After more than a quarter-century of operation, the report finds that virtually no comprehensive research on SBDM effectiveness has been conducted since 2001, that management audits of the state's lowest-performing "Priority Schools" reveal widespread dysfunction in long-established councils — including curriculum neglect, failure to use data, and poor stakeholder engagement — and that parent participation in council elections is strikingly low, with nearly three-quarters of Kentucky schools showing single-digit ratios of voting parents to student enrollment. Meanwhile, student achievement on the NAEP has improved at an agonizingly slow pace, with proficiency rates for Black students remaining deeply alarming.
Key Takeaways
- SBDM councils in the lowest-performing schools were chronically dysfunctional. Management audits of 10 Priority Schools revealed that these long-established councils routinely failed to adopt or implement needed policies, neglected curriculum development, ignored data-driven decision making, and excluded key stakeholders — problems that persisted for over 15 years without correction until external intervention forced change. Two-thirds of all Priority Schools ultimately had their SBDM authority removed.

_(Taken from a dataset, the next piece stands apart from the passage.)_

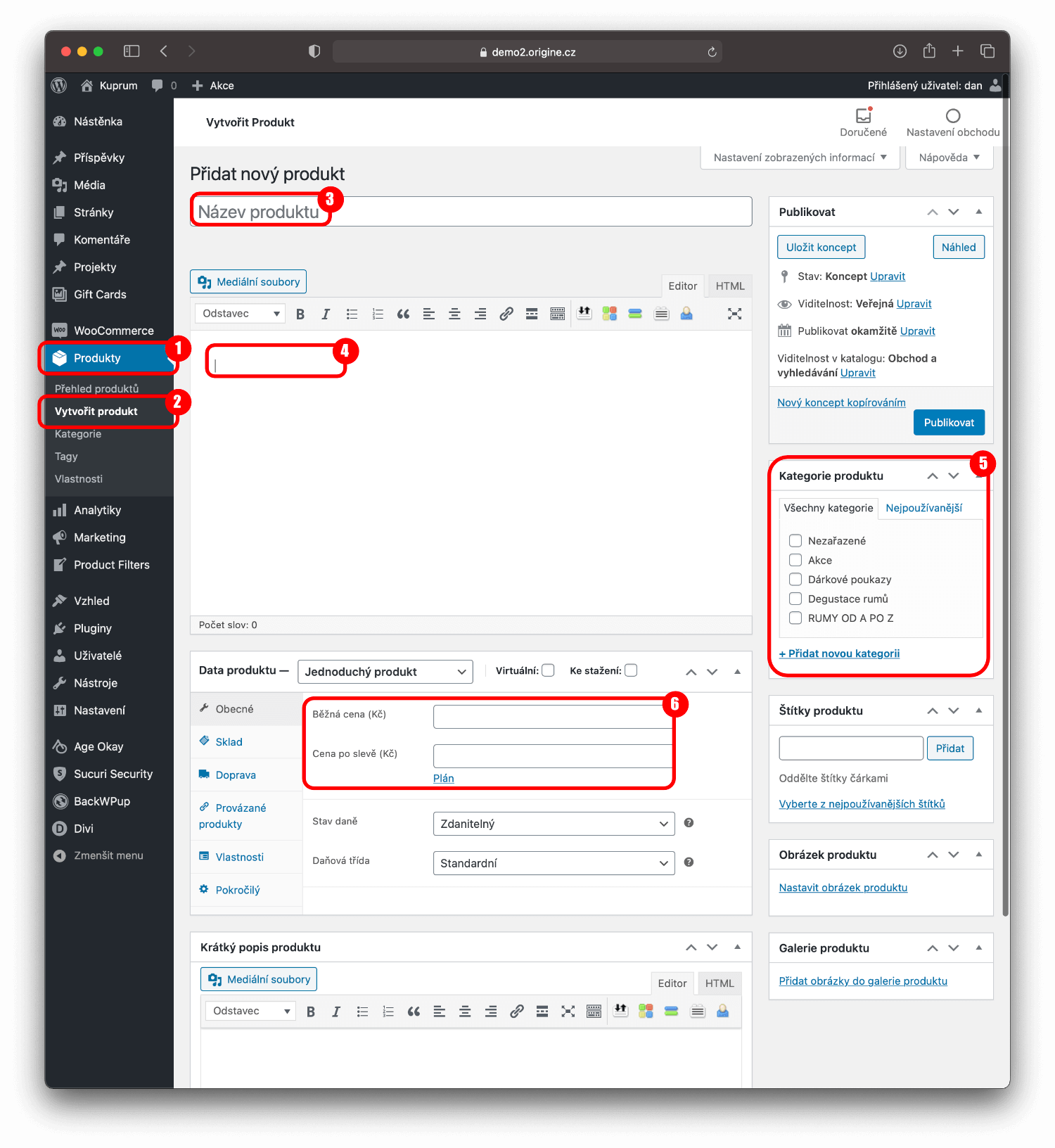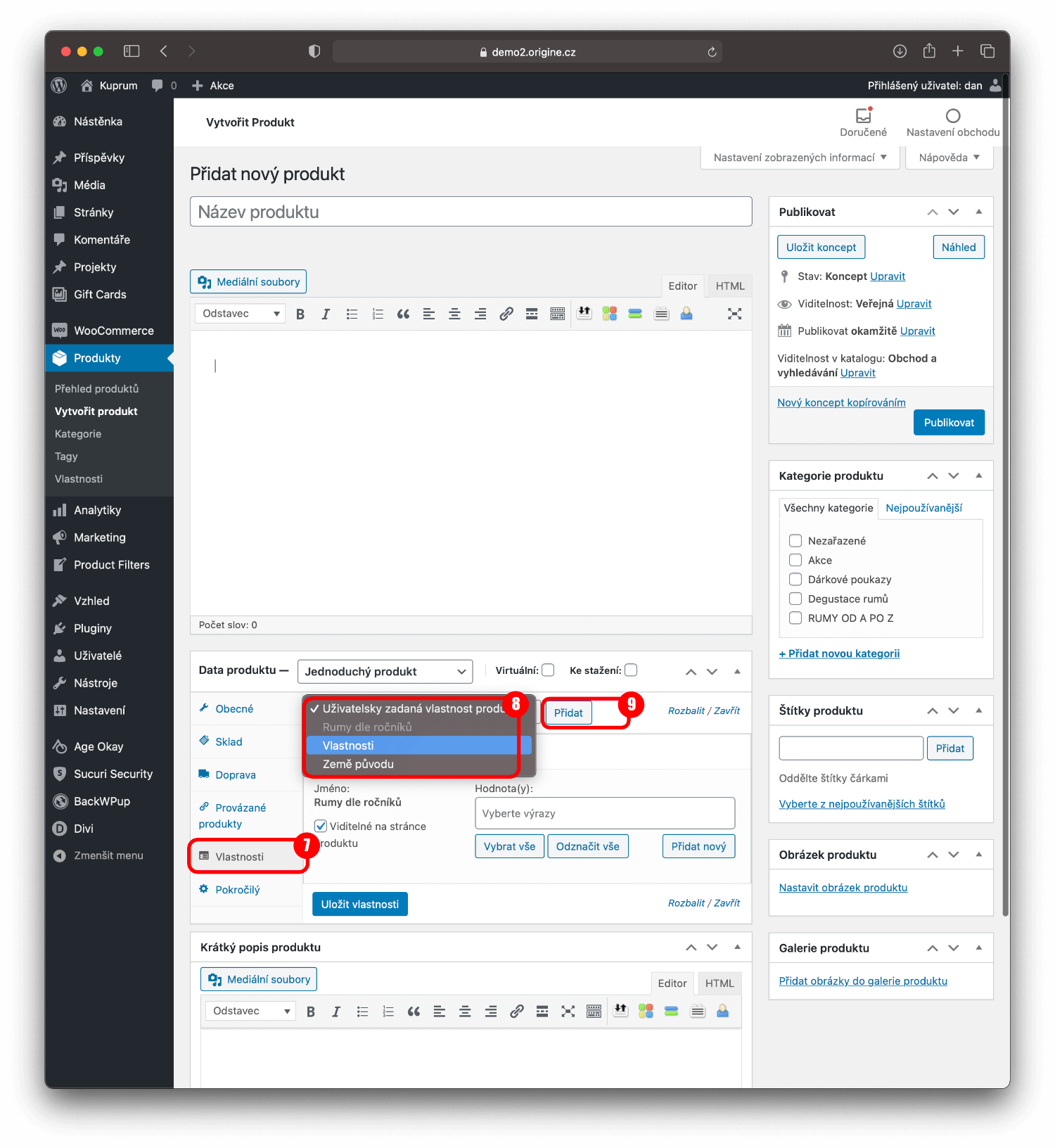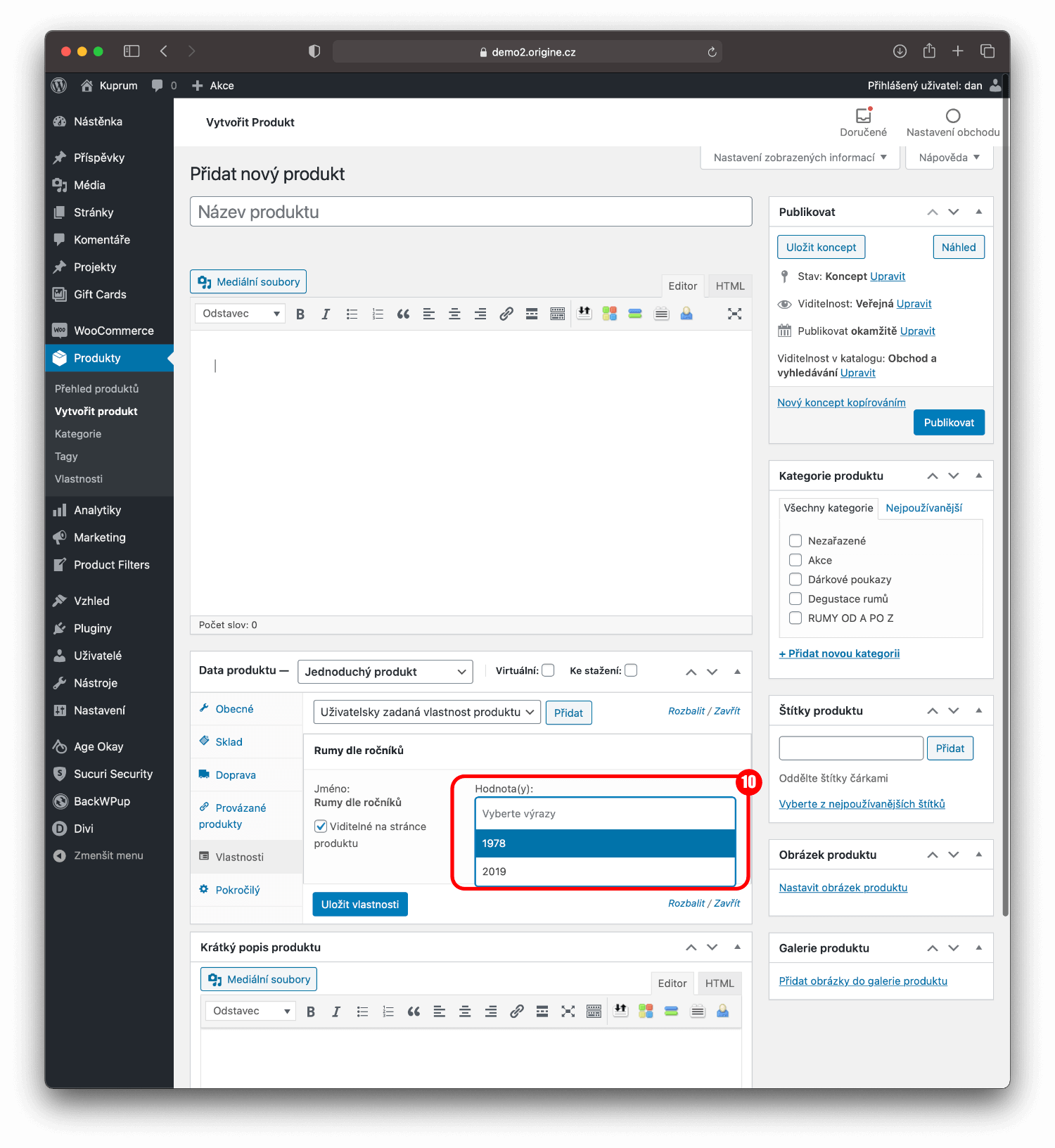 Po vyplnění vlastností nesmíme zapomenout produkt uložit a pubklikovat (13).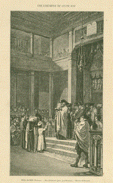 Sanhedrin" The council was made up of the Nasi (President), an Av Beit Din (Chief of the Court) and 69 council members. The meeting took place in the Temple in Jerusalem and took place every day except on days of festivals and Shabbat. Copper engraving after Sebastian Leroy published 1827. Published in Sainte Bible de Vence by Henri-Francois de Vence. Print has vertical centerfold to fit original book size. A few scattered spots in margins far away from image. Image size: 16.5 x 21cm ( 6.4 x

- Parent engagement — a central goal of the program — has largely failed. In 818 of 1,124 Kentucky public schools, fewer than 10 percent of students were represented by a voting parent in SBDM elections. In 101 schools the ratio was below one percent. Only 15 schools statewide exceeded 50 percent, suggesting that the promise of meaningful parental involvement in school governance remains overwhelmingly unmet.
- The research vacuum is itself a policy failure. Despite numerous unresolved questions about SBDM functioning identified as early as 2001, virtually no follow-on research was ever conducted. This means Kentucky has continued to operate under a highly experimental governance model for decades without any systematic evaluation of whether it serves students well — or whether it insulates poor leadership from accountability.
The report suggests that Kentucky's SBDM model, whatever its original aspirations, has not delivered on its core promises of improved student outcomes and meaningful parent engagement.
Instead, it has created a governance structure that can shield failing schools from the corrective authority of locally elected boards and superintendents, while placing unrealistic demands on school-level personnel who often lack the time, training, and expertise to handle complex decisions around curriculum, budgeting, and staffing. Policymakers should seriously consider restoring meaningful authority to locally elected school boards and district superintendents, while ensuring that any retained elements of school-level governance are subject to regular evaluation, transparent accountability, and genuine parental empowerment.